(Records for processing)

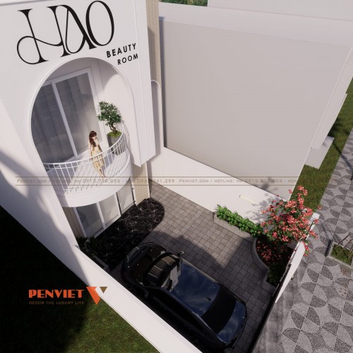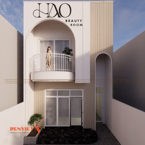 Spa Hao bố trí ngay trong khuôn viên tòa nhà 2 tầng nên có phần mặt tiền khá ấn tượng. Trong đó, dòng chữ "HAO Beauty room" nổi bật trên nền sơn trắng tạo ấn tượng mạnh mẽ ngay từ cái nhìn đầu tiên. Sự kết hợp giữa màu trắng và be tạo ra một cảm giác tươi mới và hiện đại. Đặc biệt, chi tiết mái vòm tại mặt tiền là một điểm nhấn độc đáo, giúp spa nổi bật giữa những công trình xung quanh.
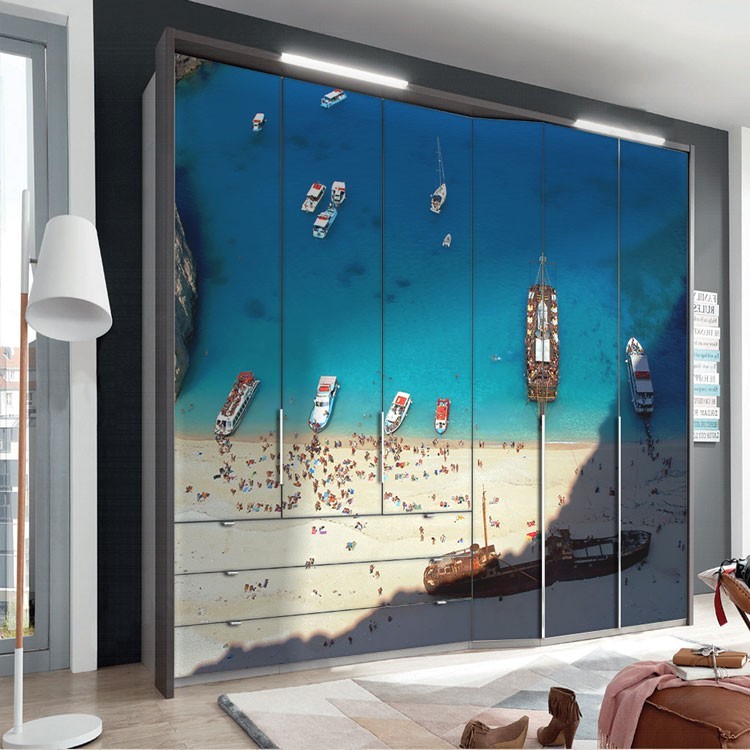 Αυτοκόλλητο ντουλάπας με ένα από τα πιο ενδιαφέροντα αξιοθέατα της Ζακύνθου, το Ναυάγιο, σε λήψη από ψηλά. Μία ιδιαίτερη πρόταση που θα δημιουργήσει μία χαρούμενη ατμόσφαιρα στο χώρο σας.
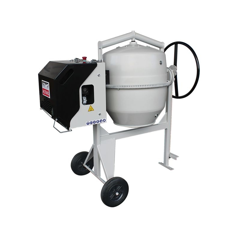 Usage peu intensif. Volant avec démultiplication en fonte. Capacité de cuve : 170 L Capacité de malaxage : 150 L (1 sac de 35 kg) Moteur : électrique 850 W, 230 V mono Roues : pleines Ø 250 mm Indice de protection : IP 44 Poids : 75 kg
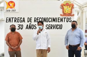 Chetumal, Q. Roo, Jueves 01 de Julio de 2021, poderycrítica.- Esta mañana, el Presidente Municipal de Othón P. Blanco, Otoniel Segovia Martínez, hizo entrega de reconocimientos a un total de 10 trabajadores por 30 años de servicio ininterrumpido.
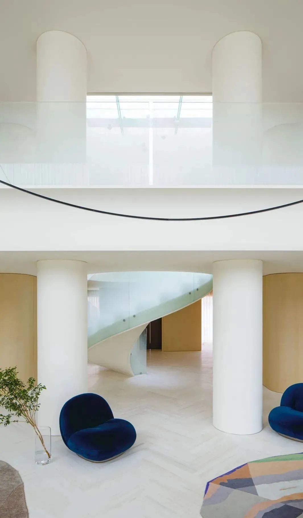 在本案中,面对格局零散、局促的650m²大平层,设计师并未大尺度重整结构,转而选择在视觉层面应用“片段式”手法,采用叠加、重组等方式再造空间秩序,以非对称、立体、圆曲的布局,在温和微妙的“解构”之中营造出一股“温柔的飓风”,呈现出超越具象主题概念、真实生活的艺术度假私宅。
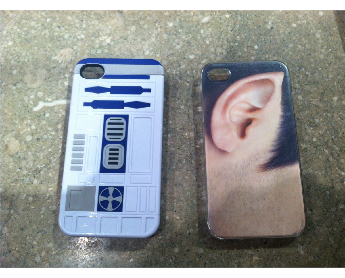 Offered here are 2 IPHONE cases. One is R2D2. The other is a Vulcan ear. These work on IPHONE 4 for sure. Unsure of others.
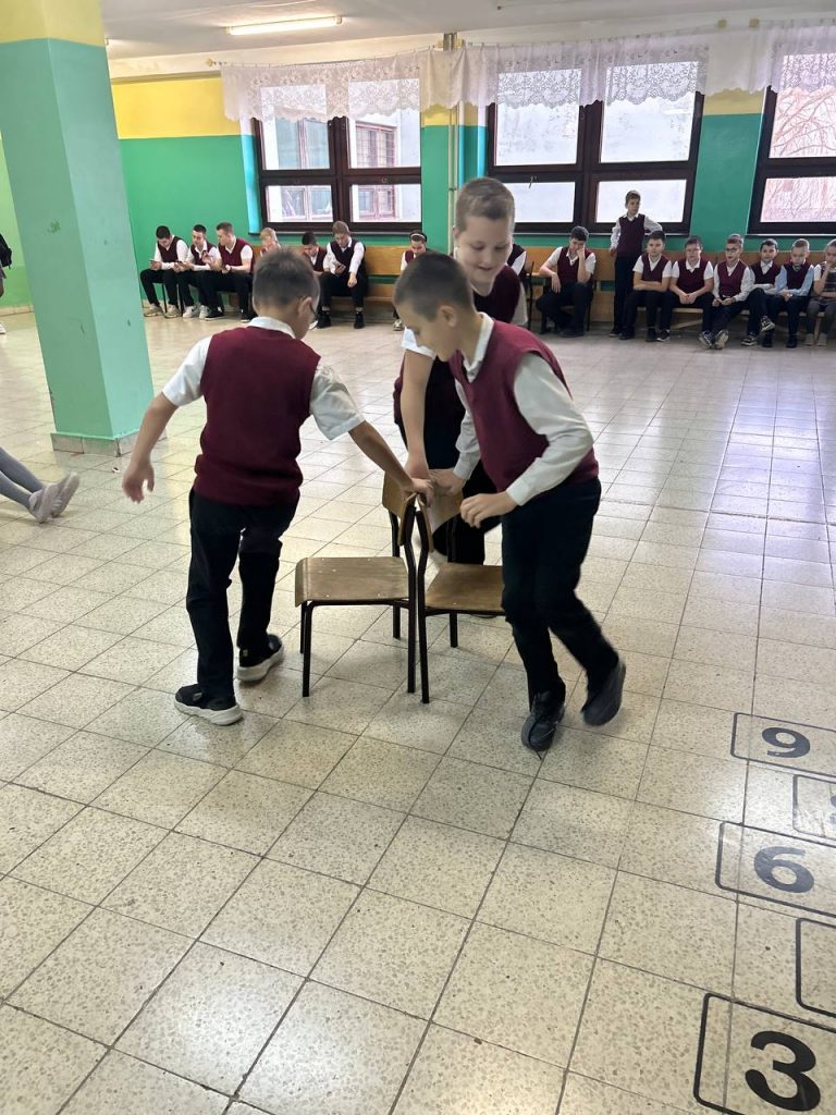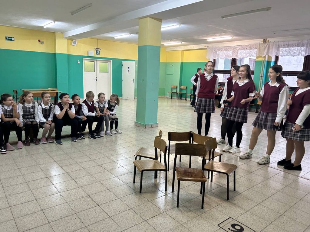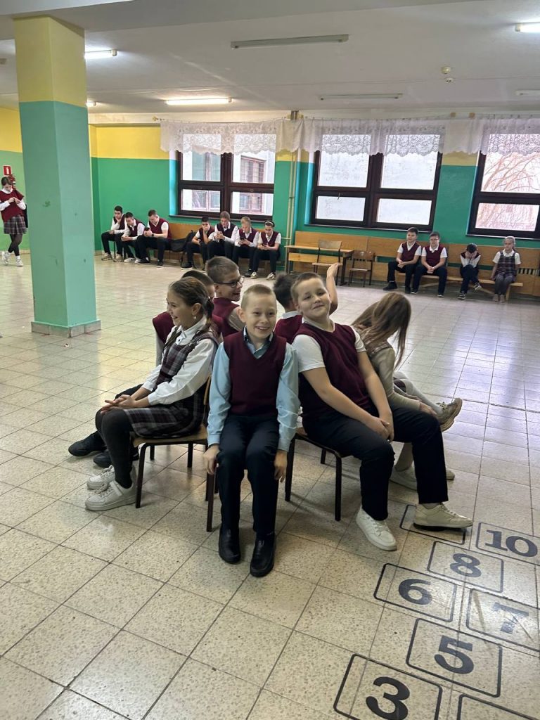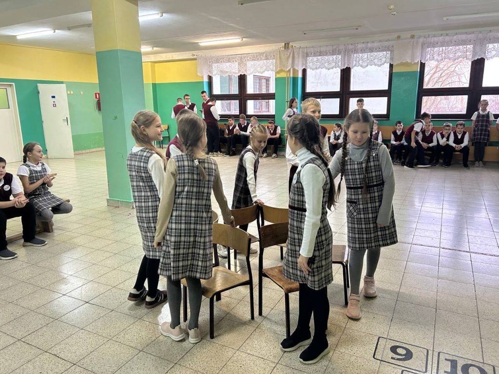 Ребята собирают интеллектуальные, подвижные игры для учеников начальных классов. На больших переменах группы восьмиклассников в разных рекреациях организуют занятия с малышами.
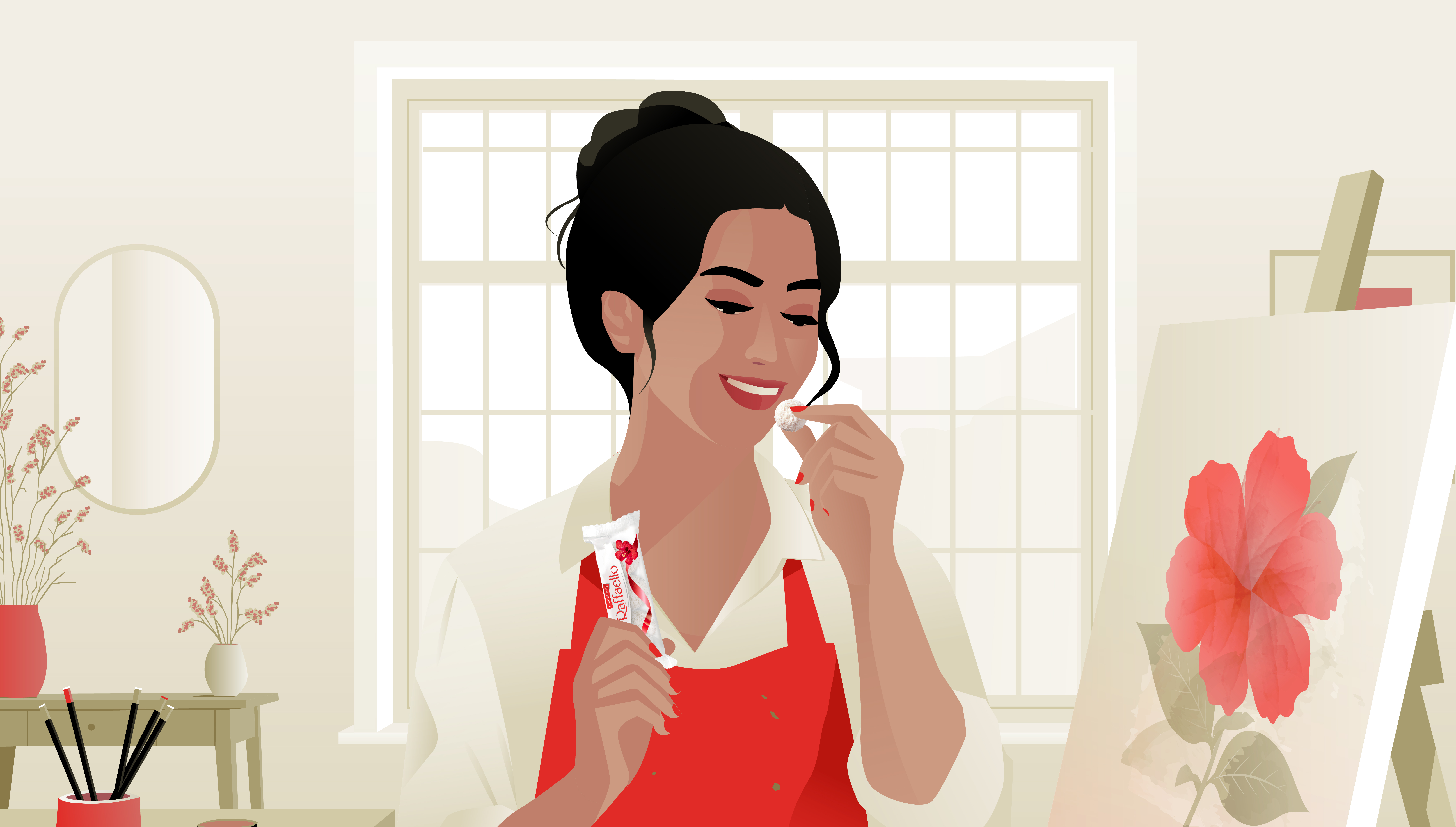 The illustrated work focused on small, relatable moments - loved ones sharing quiet gestures of care, or individuals pausing during the day to reward themselves for a job well done - reinforcing the idea that it is often the smallest moments that bring the greatest sense of pleasure.
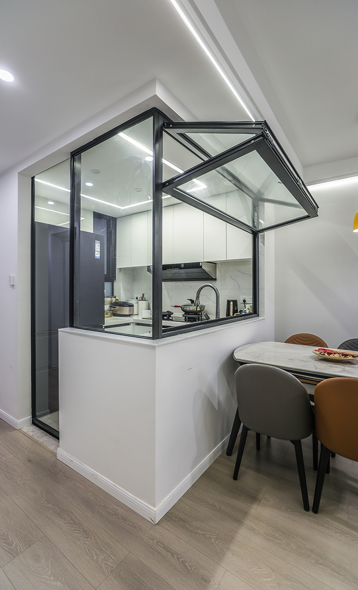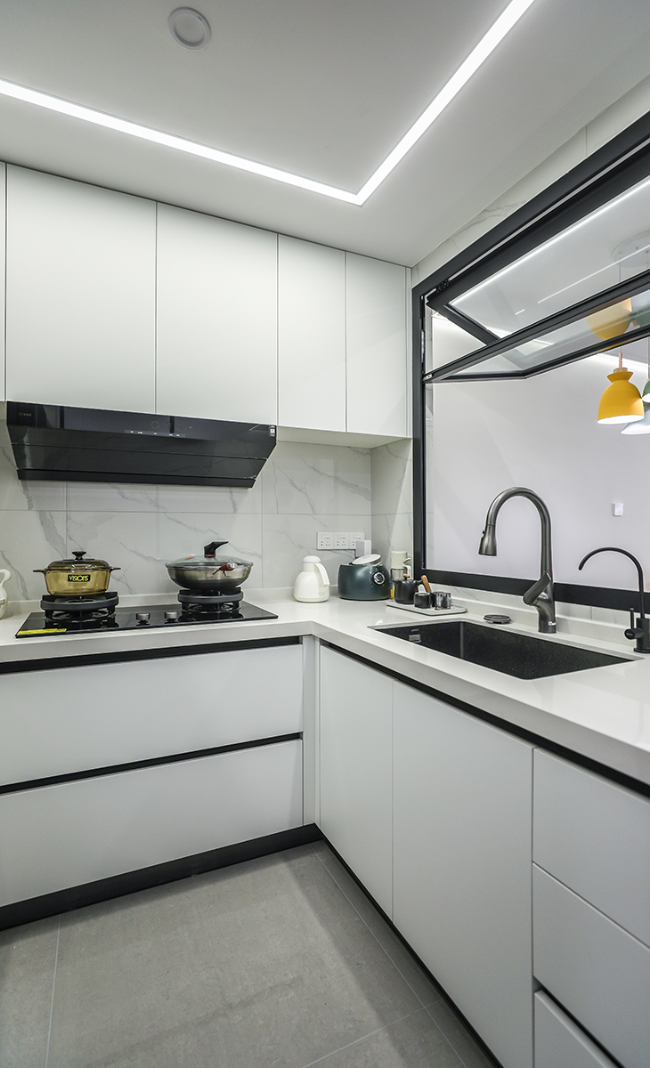 房半開放式設計,滿足了取、洗、切、炒、擺的操作流程。更讓煮飯時和家人有更多的互動空間,同時使小小的廚房的收納空間也大大提升

(End Records for processing)

◆ **Task directions**
Repeat each entry above word for word, leaving every picture out.

◆ **Solved exercise**
 Spa Hao bố trí ngay trong khuôn viên tòa nhà 2 tầng nên có phần mặt tiền khá ấn tượng. Trong đó, dòng chữ "HAO Beauty room" nổi bật trên nền sơn trắng tạo ấn tượng mạnh mẽ ngay từ cái nhìn đầu tiên. Sự kết hợp giữa màu trắng và be tạo ra một cảm giác tươi mới và hiện đại. Đặc biệt, chi tiết mái vòm tại mặt tiền là một điểm nhấn độc đáo, giúp spa nổi bật giữa những công trình xung quanh.
 Αυτοκόλλητο ντουλάπας με ένα από τα πιο ενδιαφέροντα αξιοθέατα της Ζακύνθου, το Ναυάγιο, σε λήψη από ψηλά. Μία ιδιαίτερη πρόταση που θα δημιουργήσει μία χαρούμενη ατμόσφαιρα στο χώρο σας.
 Usage peu intensif. Volant avec démultiplication en fonte. Capacité de cuve : 170 L Capacité de malaxage : 150 L (1 sac de 35 kg) Moteur : électrique 850 W, 230 V mono Roues : pleines Ø 250 mm Indice de protection : IP 44 Poids : 75 kg
 Chetumal, Q. Roo, Jueves 01 de Julio de 2021, poderycrítica.- Esta mañana, el Presidente Municipal de Othón P. Blanco, Otoniel Segovia Martínez, hizo entrega de reconocimientos a un total de 10 trabajadores por 30 años de servicio ininterrumpido.
 在本案中,面对格局零散、局促的650m²大平层,设计师并未大尺度重整结构,转而选择在视觉层面应用“片段式”手法,采用叠加、重组等方式再造空间秩序,以非对称、立体、圆曲的布局,在温和微妙的“解构”之中营造出一股“温柔的飓风”,呈现出超越具象主题概念、真实生活的艺术度假私宅。
 Offered here are 2 IPHONE cases. One is R2D2. The other is a Vulcan ear. These work on IPHONE 4 for sure. Unsure of others.
 Ребята собирают интеллектуальные, подвижные игры для учеников начальных классов. На больших переменах группы восьмиклассников в разных рекреациях организуют занятия с малышами.
 The illustrated work focused on small, relatable moments - loved ones sharing quiet gestures of care, or individuals pausing during the day to reward themselves for a job well done - reinforcing the idea that it is often the smallest moments that bring the greatest sense of pleasure.
 房半開放式設計,滿足了取、洗、切、炒、擺的操作流程。更讓煮飯時和家人有更多的互動空間,同時使小小的廚房的收納空間也大大提升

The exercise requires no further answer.